JoyboyBrian commented 2 months ago
curl -X 'POST' \
  'http://localhost:8000/v1/completions' \
  -H 'accept: application/json' \
  -H 'Content-Type: application/json' \
  -d '{
  "prompt": "Tell me a story",
  "temperature": 1,
  "max_new_tokens": 128,
  "top_k": 50,
  "top_p": 1,
  "stop_words": [
    "string"
  ]
}'
ayttop commented 2 months ago

(2) C:\Users\ArabTech\Desktop\2>curl -X POST "http://localhost:8000/v1/completions" ^ More? -H "accept: application/json" ^ More? -H "Content-Type: application/json" ^ More? -d "{\"prompt\": \"Tell me a story\", \"temperature\": 1, \"max_new_tokens\": 128, \"top_k\": 50, \"top_p\": 1, \"stop_words\": [\"string\"]}" {"detail":"'text'"} (2) C:\Users\ArabTech\Desktop\2>

ayttop commented 2 months ago

(2) C:\Users\ArabTech\Desktop\2>curl -X POST "http://localhost:8000/v1/completions" -H "accept: application/json" -H "Content-Type: application/json" -d "{\"prompt\": \"Tell me a story\", \"temperature\": 1, \"max_new_tokens\": 128, \"top_k\": 50, \"top_p\": 1, \"stop_words\": [\"string\"]}" {"detail":"'text'"}

ayttop commented 2 months ago

not run

ayttop commented 2 months ago

win11 anaconda python 3.11

ayttop commented 2 months ago

(2) C:\Users\ArabTech\Desktop\2>curl -X POST "http://localhost:8000/v1/completions" -H "accept: application/json" -H "Content-Type: application/json" -d "{\"text\": \"Tell me a story\", \"temperature\": 1, \"max_new_tokens\": 128, \"top_k\": 50, \"top_p\": 1, \"stop_words\": [\"string\"]}" {"detail":"'text'"} (2) C:\Users\ArabTech\Desktop\2>curl -X POST "http://localhost:8000/v1/completions" -H "Content-Type: application/json" -d "{\"text\": \"Tell me a story\"}" {"detail":"'text'"} (2) C:\Users\ArabTech\Desktop\2>

ayttop commented 2 months ago

(2) C:\Users\ArabTech\Desktop\2\nexa-sdk>nexa server --host 127.0.0.1 --port 8000 Phi-2:q4_0 INFO: Started server process [5432] INFO: Waiting for application startup. 2024-09-09 17:43:43,550 - INFO - Model Path: Phi-2:q4_0 Model Phi-2:q4_0 already exists at C:\Users\ArabTech.cache\nexa\hub\official\Phi-2\q4_0.gguf 2024-09-09 17:43:44,213 - INFO - model loaded as <nexa.gguf.llama.llama.Llama object at 0x0000015396476210> INFO: Application startup complete.

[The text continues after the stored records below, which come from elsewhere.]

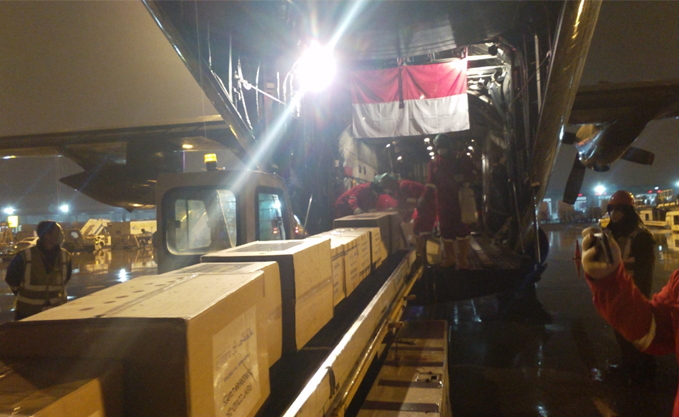 3月21日,印尼驻北京大使馆、印尼驻上海领事馆派出工作人员和J9国际站登录慈善基金会工作人员一起前往上海浦东机场协调通关事宜。印尼派出C-130型大力神飞机,于22时20分抵达上海浦东机场,装载了40立方米的物资,于22日凌晨0时40分起飞并经停海南三亚返回印尼。第二批40立方米物资将于25日启运印尼。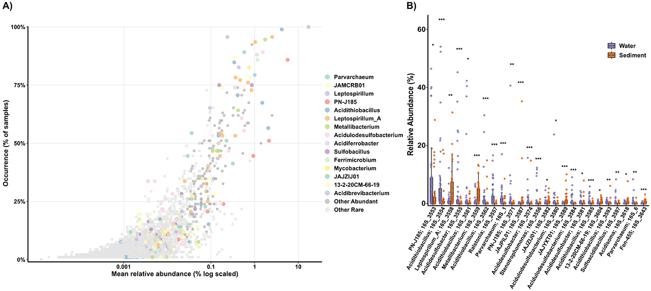 Figure 4. Distribution and habitat specificity of ASVs in acidic samples. (A) ASV occurrence vs. mean relative abundance. Dot color indicates taxonomic affiliation. (B) Relative abundance of the top 25 ASVs with significant differences between water and sediment samples. Significant differences were assessed with Wilcoxon rank-sum tests with Benjamini–Hochberg FDR correction: ***p.adj < 0.001; **p.adj < 0.01; *p.adj < 0.05.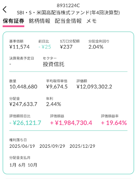 あとは配当再投資のみ継続し、今後の基準価額の上昇と増配を楽しみにして、

INFO: Uvicorn running on http://127.0.0.1:8000 (Press CTRL+C to quit) INFO: 127.0.0.1:57924 - "GET /docs HTTP/1.1" 200 OK INFO: 127.0.0.1:57924 - "GET /openapi.json HTTP/1.1" 200 OK 2024-09-09 17:44:28,514 - ERROR - Error in text generation: 'text' INFO: 127.0.0.1:57925 - "POST /v1/completions HTTP/1.1" 500 Internal Server Error 2024-09-09 17:45:18,081 - ERROR - Error in text generation: 'text' INFO: 127.0.0.1:57948 - "POST /v1/completions HTTP/1.1" 500 Internal Server Error 2024-09-09 17:45:35,981 - ERROR - Error in chat completions: 'text' INFO: 127.0.0.1:57954 - "POST /v1/chat/completions HTTP/1.1" 500 Internal Server Error

{"detail":"'text'"}

ayttop commented 2 months ago

response_1725929336990.json

ayttop commented 2 months ago

{ "detail": "'text'" }

ayttop commented 2 months ago

![Uploading Screenshot 2024-09-09 182036.png…]()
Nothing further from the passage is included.